Memoria histórica
Los 58 días en los que fueron masacrados 108 sacerdotes en Toledo
La Ciudad Imperial se convirtió entre julio y septiembre de 1936 en una ciudad martirial, donde la sangre corría –literalmente– por las calles
Cazar al sacerdote o al religioso. Este era el principal –y siniestro– pasatiempo en Toledo para los milicianos entre el 22 de julio y el 18 de septiembre de 1936. En apenas 58 días, 108 curas (11 maristas, 1 franciscano, 14 carmelitas descalzos, 3 jesuitas y 79 sacerdotes diocesanos) fueron perseguidos como presas, detenidos y asesinados. Sin mediar palabra. Sin mediar, mucho menos, un juicio. Ni siquiera una pantomima que lo simulara. Eran curas, y eso bastaba para sentenciarlos a muerte.
Lo recoge el sacerdote Jorge López Teulón en su último libro, Mártires a la sombra del alcázar de Toledo (editorial San Román). López Teulón, autor de una veintena de obras sobre la persecución religiosa en España en los años 30 del siglo XX y principal experto en la materia, recopila numerosos casos de asesinatos de religiosos en la capital castellano manchega. «Toledo ha recibido diversos títulos: Ciudad Regia, Ciudad Imperial, Ciudad de las Tres Culturas... todavía le pertenece otro: ciudad martirial», escribe el autor, citando a monseñor Jaime Colomina Torner, otro investigador de la persecución religiosa en España.
Vale la pena transcribir literalmente algunos pasajes del libro por su crudeza, como el de Ricardo Pla Espí, capellán mozárabe de la catedral primada, profesor del seminario y consiliario de la Asociación Católica de Propagandistas:
«Valor para sufrir, pero mucho más amor para perdonar»
– Consuelo, sácame la chaqueta; ahora vienen a por mí
Su madre, que está enferma en la cama, dice a su hijo:
– ¿Y estás dispuesto a morir?
– Sí, madre, estoy preparado ya
Consuelo exclama en voz alta:
– ¡Ay, Madre mía, madre de Dios, dame fuerzas!
Don Ricardo le dice a su hermana:
–No te preocupes, te dará más de lo que necesitas
Así se despide de los suyos. Dieciocho vienen esta vez a buscarlo. llaman a la puerta, preguntan por el cura y su padre dice:
– ¡Dejadlo a él y llevadme a mí!
Don Ricardo, desde dentro, exclama:
– El sacerdote soy yo. ¿Puedo despedirme de mis padres?

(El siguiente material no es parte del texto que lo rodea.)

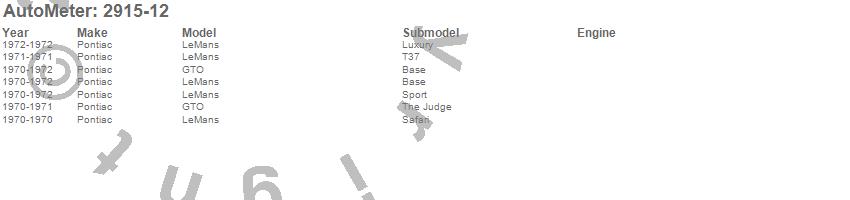 Below is an abbreviated list of applications for the Sport-Comp II Direct Fit Gauge Kit.
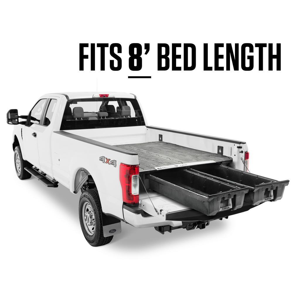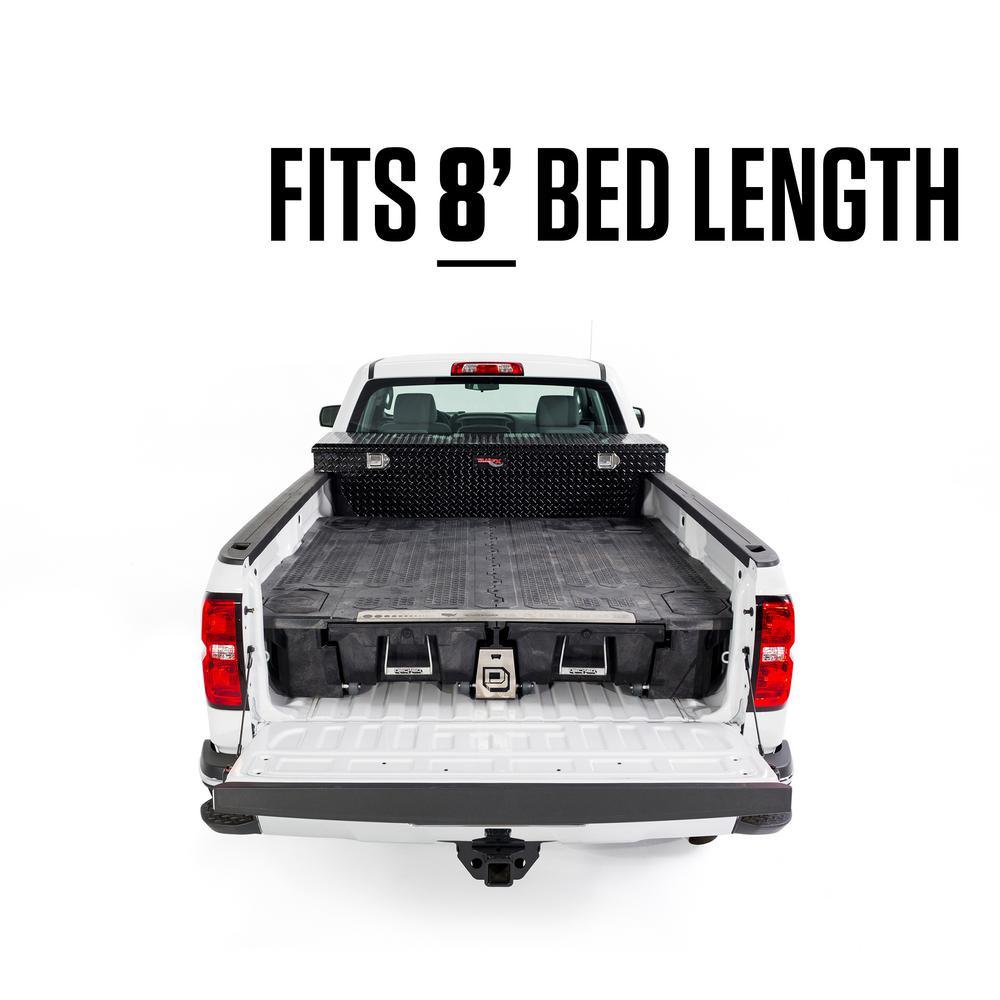 - SKUs are standard box DECKED systems engineered to be installed in trucks with 8 ft. beds, these are not 8 ft. L DECKED systems, with these SKUs, the DECKED system orients towards the tailgate, as a result, there is a gap from the cab side wall to the cab side edge of the DECKED system that allows room for a crossover tool box or fuel transfer tank
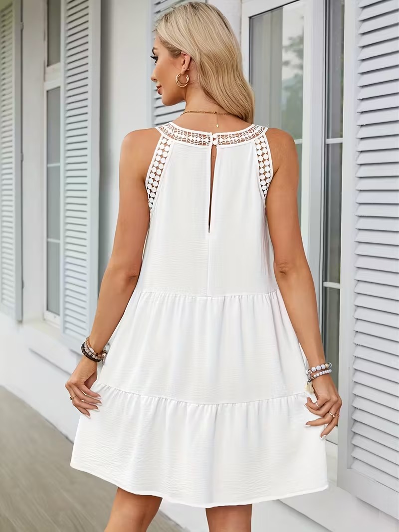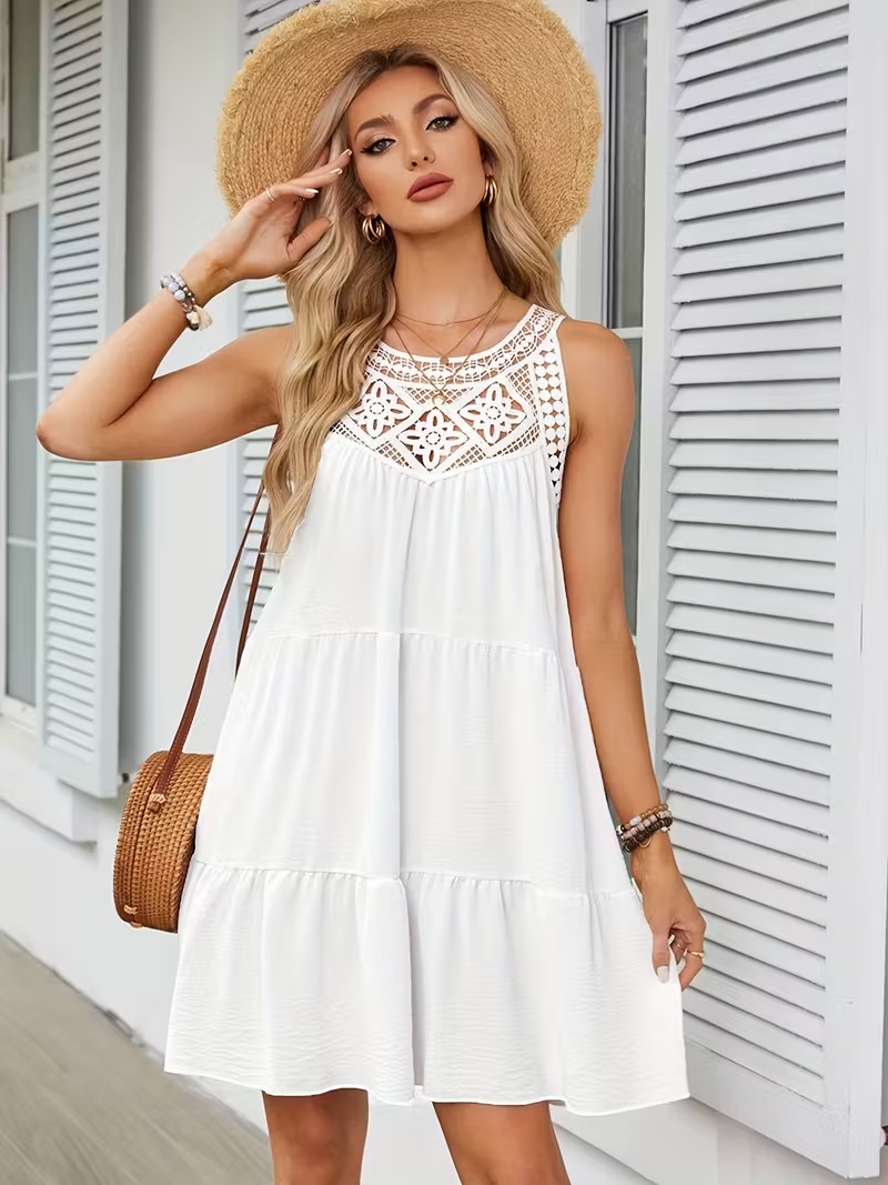Vestido corto blanco tipo A con detalle de encaje floral en el pecho y escote alto. Su corte amplio y tejido ligero lo convierten en la prenda ideal para un look fresco, femenino y chic en climas cálidos.
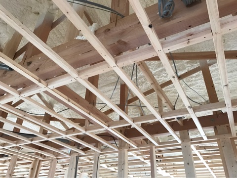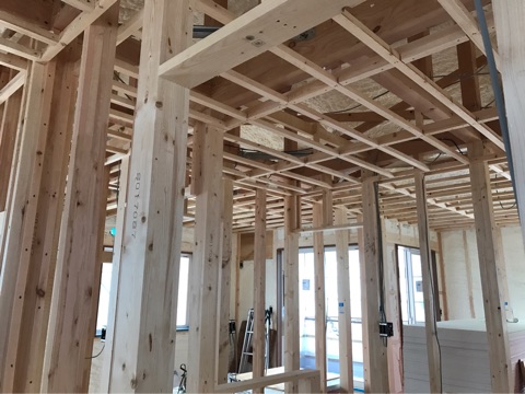投稿日: 2017年5月12日現場進捗状況(^^) 安芸郡 海田町寺迫T様邸の現場風景です 本日、無事に上棟を迎えましたT様邸です 一階柱立て風景です 二階の桁が施工されています 二階の桁が施工される頃には、外観はこの様な状態です 構造用面材を施工しています 二階の作業が進んでいます お昼頃には、二階も無事に梁がかかりました 屋根の作業に入ります 夕方には、屋根た雨養生を施工して完了です 無事に上棟が完了しました これから、現場が進んで行きますのでお楽しみに〜
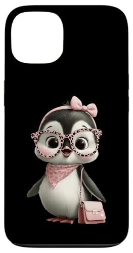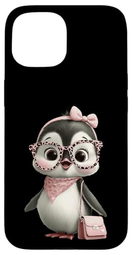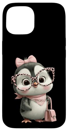 Lunettes Bébé Pingouin Kawaii Personnage Rose Léopard Portrait Coque pour iPhone 15
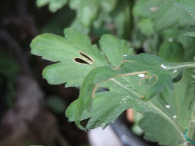 (後日記:葉っぱに水で霧吹きをして、オルトラン粒剤をかけると食べなくなった。)
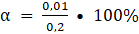 W tym zadaniu musisz podać, ile wynosi stopień dysocjacji związku, którego: stężenie cząstek zdysocjowanych wynosi 0,01 mol • dm-3, a stężenie całkowite to 0,2 mol • dm-3.
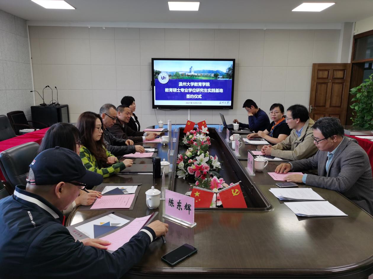 2021年10月21日早上9点,William威廉williamhill在9A410举行教育硕士专业学位研究生实践基地签约仪式,此次签约也是我院现代教育技术专业研究生教育实践基地首次进行的集体签约活动,参会人员为:williamhill副院长王志强,现代教育技术应用专业教育硕士点负责人杨刚,教育技术学系硕导方建文,教育技术学系副主任赖文华,温州市实验小学副校长林彬,温州市南浦实验中学教务副主任刘荃,温州市南浦实验中学教育集团惠民路分校陈赛,温州市第二实验中学校长郭建昆,温州市第二实验中学郑煦,温州市实验小学办公室主任陈东辉。

–No, no puedes, le responden de malas formas
Para entonces, él ya ha besado a los tres y los ha confortado. Su madre está enferma, pero se levanta de la cama como puede, y los tres le acompañan hasta la puerta. Don Ricardo los mira; es una mirada dulce, llena de cariño. Sus ojos brillan con fuerza. Los padres se arrodillan en el portal con los ojos fijos en su hijo, esperando su bendición. Su madre todavía tiene ánimo para decirle:
– Hijo mío, mucho valor para sufrir, pero mucho más amor para perdonar
La madre se dirige a su hijo en castellano; cosa rara, pues entre ellos hablan en valenciano. Pero, sin duda, lo hace para que los que se lo llevan, la oigan.
Los milicianos no soportan el ambiente creado y lo empujan para que empiece a caminar. Los familiares se quedan en el dintel de la puerta. Al llegar a la esquina, Ricardo se vuelve con la misma mirada de antes; es la despedida definitiva. Allí acaba todo. A los cinco minutos, en el paseo del Tránsito, en una gran escalera, lo matan: dos tiros, uno en la frente y otro en el costado. Cuando ve que le están apuntando, grita: «¡Viva Cristo Rey!». El cadáver queda allí tendido.
Todo esto se desarrollaba mientras en el alcázar de Toledo, varios cientos de personas permanecían 70 días atrincheradas esperando ser liberadas por las tropas del general Francisco Franco, hecho que ocurrió el 27 de septiembre.
Beatriz y Gracia Pellicer, autoras de 'Hogares de amor y perdón'
«En cuatro años serán beatificados 4.000 mártires asesinados en España en los años 30»
El caso de Ricardo Pla Espí fue solo uno de los 108 sacerdotes que fueron asesinados in odium fidei en la Ciudad Imperial entre julio y septiembre de 1936. Desde el año 303, la sangre de los mártires no corría por las calles de Toledo. En ese caso fue el martirio de Leocadia. Tuvieron que pasar dieciséis siglos, hasta 1936, para que una nueva ola de odio –y de perdón sincero– embargara la ciudad.